Over the past few weeks, the latest battle between sabermetrics and old school stats has centered on the American League Cy Young award. The old school advocates have coalesced around C.C. Sabathia and his league leading 19 wins, while the sabermetricians have argued in favor od Felix Hernandez and his overall statistical superiority. As it turns out, however, the debate has been all for naught because at least one advanced metric has come around to the old school way of thinking.
After taking into account park factors based on 2010 data, baseball-reference.com’s new calculation of Wins Above Replacement (WAR) now confirms that C.C. Sabathia has been the league’s best pitcher. Before the adjustment, Sabathia ranked fifth in WAR, or over one half win behind Felix Hernandez, whose 11-11 record has made him a non-candidate on many main stream ballots. Now that Sabathia has jumped to the head of the class, however, there is no need for the conflict.
B-R.com’s WAR Adjustment, Based on Revised Park Factors
AL Pitching – Old | AL Pitching – New | |||
Player | WAR | Player | WAR | |
Hernandez (SEA) | 5.2 | Sabathia (NYY) | 5.4 | |
Price (TBR) | 5.1 | Liriano (MIN) | 5 | |
Weaver (LAA) | 5 | Hernandez (SEA) | 4.9 | |
Liriano (MIN) | 4.7 | Pavano (MIN) | 4.9 | |
Pavano (MIN) | 4.6 | Weaver (LAA) | 4.8 | |
Sabathia (NYY) | 4.6 | Lester (BOS) | 4.6 | |
Lester (BOS) | 4.5 | Price (TBR) | 4.6 | |
Wilson (TEX) | 4.5 | Wilson (TEX) | 4.4 | |
Guthrie (BAL) | 4.4 | Buchholz (BOS) | 4.4 | |
Buchholz (BOS) | 4.4 | . | Guthrie (BAL) | 4.4 |
Danks (CHW) | 4.4 |
Source: Baseball-reference.com
But wait? According to fangraphs, Sabathia still ranks eighth in WAR, two runs behind leader Francisco Liriano, not Felix Hernandez. So, what gives?
Fangraphs’ WAR
Player | WAR |
Francisco Liriano | 6.3 |
Cliff Lee | 6.3 |
Felix Hernandez | 5.9 |
Jon Lester | 5.5 |
Jered Weaver | 5.1 |
Justin Verlander | 5 |
Zack Greinke | 4.8 |
CC Sabathia | 4.3 |
Gavin Floyd | 4.3 |
John Danks | 4.1 |
Source: fangraphs.com
The “dirty little secret” about many advanced metrics is they are based on subjective variables. That’s not really a secret to those with a strong understanding of how they are calculated, but it probably comes as a surprise to more casual sabermetricians who cite the statistics as gospel. In reality, however, components such as replacement level value, positional adjustments, park factors and defensive metrics (and the underlying principles of each) are just some of the differing underlying variables that make up many of the new sabermetric approaches to analysis. In the case of WAR, which seeks to define total value, all of these components are involved. Hence the variance between different sources, not to mention the changes that occur when better data is accumulated.
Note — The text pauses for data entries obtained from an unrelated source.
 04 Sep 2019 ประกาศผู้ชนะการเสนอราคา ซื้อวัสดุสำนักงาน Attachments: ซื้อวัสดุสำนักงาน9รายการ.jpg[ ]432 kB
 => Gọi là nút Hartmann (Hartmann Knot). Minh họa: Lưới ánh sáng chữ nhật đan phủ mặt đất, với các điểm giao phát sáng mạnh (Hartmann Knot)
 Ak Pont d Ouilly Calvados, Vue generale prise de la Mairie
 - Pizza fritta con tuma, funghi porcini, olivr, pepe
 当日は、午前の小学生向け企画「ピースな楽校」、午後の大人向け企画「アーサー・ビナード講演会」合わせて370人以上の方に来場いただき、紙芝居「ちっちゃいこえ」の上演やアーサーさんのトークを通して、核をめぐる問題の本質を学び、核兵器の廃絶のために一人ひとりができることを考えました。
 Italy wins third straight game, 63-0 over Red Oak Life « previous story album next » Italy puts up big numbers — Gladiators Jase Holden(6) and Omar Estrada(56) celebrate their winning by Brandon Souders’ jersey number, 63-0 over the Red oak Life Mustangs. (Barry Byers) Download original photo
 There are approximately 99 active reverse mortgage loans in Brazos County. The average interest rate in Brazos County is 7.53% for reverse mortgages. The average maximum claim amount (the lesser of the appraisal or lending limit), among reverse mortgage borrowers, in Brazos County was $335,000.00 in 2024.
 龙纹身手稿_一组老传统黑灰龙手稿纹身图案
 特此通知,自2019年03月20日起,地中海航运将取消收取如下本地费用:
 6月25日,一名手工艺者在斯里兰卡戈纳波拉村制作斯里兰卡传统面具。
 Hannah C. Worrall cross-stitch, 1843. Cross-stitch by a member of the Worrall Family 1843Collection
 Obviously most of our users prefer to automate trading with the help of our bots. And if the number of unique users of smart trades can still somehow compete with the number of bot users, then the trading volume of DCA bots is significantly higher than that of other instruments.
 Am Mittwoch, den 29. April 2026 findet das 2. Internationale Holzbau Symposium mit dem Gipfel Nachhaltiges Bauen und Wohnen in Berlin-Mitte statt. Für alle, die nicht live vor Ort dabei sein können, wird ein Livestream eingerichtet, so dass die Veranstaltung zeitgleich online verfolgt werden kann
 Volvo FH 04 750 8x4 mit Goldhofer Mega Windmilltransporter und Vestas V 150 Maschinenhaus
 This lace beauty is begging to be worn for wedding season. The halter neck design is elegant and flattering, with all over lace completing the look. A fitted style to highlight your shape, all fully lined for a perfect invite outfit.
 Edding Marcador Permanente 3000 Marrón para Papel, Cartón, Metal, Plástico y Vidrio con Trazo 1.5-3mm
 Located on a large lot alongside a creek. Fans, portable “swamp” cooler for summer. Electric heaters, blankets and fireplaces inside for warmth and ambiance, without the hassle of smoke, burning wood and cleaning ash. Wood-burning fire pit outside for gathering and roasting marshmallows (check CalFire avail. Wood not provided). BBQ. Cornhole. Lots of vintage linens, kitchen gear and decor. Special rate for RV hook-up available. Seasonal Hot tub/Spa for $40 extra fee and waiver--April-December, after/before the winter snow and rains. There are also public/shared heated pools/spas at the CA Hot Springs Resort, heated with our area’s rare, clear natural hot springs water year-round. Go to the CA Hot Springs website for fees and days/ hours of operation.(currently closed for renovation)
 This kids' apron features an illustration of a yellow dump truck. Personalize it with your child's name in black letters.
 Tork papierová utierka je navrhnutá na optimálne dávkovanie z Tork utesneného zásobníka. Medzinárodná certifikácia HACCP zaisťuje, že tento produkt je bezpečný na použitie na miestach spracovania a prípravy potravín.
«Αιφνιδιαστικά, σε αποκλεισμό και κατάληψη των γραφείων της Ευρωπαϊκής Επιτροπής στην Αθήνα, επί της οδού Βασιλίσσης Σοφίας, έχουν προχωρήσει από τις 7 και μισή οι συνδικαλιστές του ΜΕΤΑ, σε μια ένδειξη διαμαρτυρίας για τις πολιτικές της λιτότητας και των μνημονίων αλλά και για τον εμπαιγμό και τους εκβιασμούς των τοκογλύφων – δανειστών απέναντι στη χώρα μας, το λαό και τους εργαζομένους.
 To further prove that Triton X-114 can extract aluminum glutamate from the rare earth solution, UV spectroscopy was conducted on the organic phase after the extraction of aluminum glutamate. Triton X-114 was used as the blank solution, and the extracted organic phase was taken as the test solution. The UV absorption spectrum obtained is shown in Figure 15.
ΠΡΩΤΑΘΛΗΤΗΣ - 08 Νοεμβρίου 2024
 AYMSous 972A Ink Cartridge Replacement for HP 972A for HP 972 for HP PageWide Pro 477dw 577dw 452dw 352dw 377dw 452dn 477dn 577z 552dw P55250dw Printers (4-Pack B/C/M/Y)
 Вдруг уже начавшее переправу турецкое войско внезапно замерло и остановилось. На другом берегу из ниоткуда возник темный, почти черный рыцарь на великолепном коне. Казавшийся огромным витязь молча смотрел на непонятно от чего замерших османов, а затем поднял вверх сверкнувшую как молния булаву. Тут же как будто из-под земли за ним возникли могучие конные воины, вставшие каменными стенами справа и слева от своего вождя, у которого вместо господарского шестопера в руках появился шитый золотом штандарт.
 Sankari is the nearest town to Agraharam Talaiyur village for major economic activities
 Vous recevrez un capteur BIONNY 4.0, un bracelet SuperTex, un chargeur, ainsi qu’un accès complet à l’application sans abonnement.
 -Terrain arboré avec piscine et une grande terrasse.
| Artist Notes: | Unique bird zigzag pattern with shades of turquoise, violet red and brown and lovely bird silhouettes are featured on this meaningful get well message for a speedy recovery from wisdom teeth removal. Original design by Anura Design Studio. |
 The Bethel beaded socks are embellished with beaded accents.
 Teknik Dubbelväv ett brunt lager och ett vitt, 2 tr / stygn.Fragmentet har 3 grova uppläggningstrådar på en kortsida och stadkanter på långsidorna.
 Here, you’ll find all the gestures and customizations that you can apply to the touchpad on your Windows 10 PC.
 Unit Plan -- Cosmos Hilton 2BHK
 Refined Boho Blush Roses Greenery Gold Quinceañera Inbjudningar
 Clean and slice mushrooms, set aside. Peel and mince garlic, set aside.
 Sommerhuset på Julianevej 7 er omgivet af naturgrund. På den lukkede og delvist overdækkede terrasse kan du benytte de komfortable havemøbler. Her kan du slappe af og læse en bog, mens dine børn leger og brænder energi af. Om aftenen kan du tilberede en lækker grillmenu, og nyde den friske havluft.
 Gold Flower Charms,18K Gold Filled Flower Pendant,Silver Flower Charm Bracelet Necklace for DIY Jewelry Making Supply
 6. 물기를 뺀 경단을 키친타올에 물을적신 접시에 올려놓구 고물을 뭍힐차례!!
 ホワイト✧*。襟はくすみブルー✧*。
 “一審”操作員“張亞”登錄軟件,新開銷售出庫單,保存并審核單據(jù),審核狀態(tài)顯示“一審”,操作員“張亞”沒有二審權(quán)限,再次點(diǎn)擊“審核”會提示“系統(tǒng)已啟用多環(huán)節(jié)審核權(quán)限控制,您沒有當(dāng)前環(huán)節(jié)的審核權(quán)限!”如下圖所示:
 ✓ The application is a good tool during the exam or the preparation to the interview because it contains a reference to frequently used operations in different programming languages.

There are lots of reasons to like stats like WAR, but just as many reasons to be leery of them. Without an advanced degree in statistics, it may not be easy to come to grips with concepts like regression analysis and linear weights, but that doesn’t mean the byproducts should be dismissed out of hand. By the same token, however, one should not suffer from deference to complexity. That which is not understood isn’t always right. Ultimately, the value of a statistic comes not only from its accuracy, but also its ease of application. If sabermetric proponents were more aware of that, the old school holdouts might be a lot easier to convert.
It’s useful to point out that there must be differences in the ways that fangraphs and bbref compute WAR; it would have been considerably more useful to point out even one of the differences. The reader is left with no idea why (for example) fangraphs puts Cliff Lee at 6.3 while bbref has him at least 2 games worse.
And what is subjective about positional adjustments and park factors?
Absolutely…there are significant differences in how they each compute WAR. Should have been more explicit stating that instead of only implying. I thought that was clear, but I guess not. I didn’t get into the breakdown of what is different about the two because it is technical and besides the main point (i.e. sabremetrics are still subjective).
The subjective part about positional adjustments and park factors are how those variables are calculated. For example, you could use one-year, three-year or five-year park factors. As we see with the B-R data, that decision makes a big difference.
I think using 1-year-based park adjustments is the most iffy factor. Trades, players in contract seasons, etc. just add too many variables to a single season beyond a ballpark’s actual factors.
OTOH, there are nonsubjective factors that do change year to year, like weather.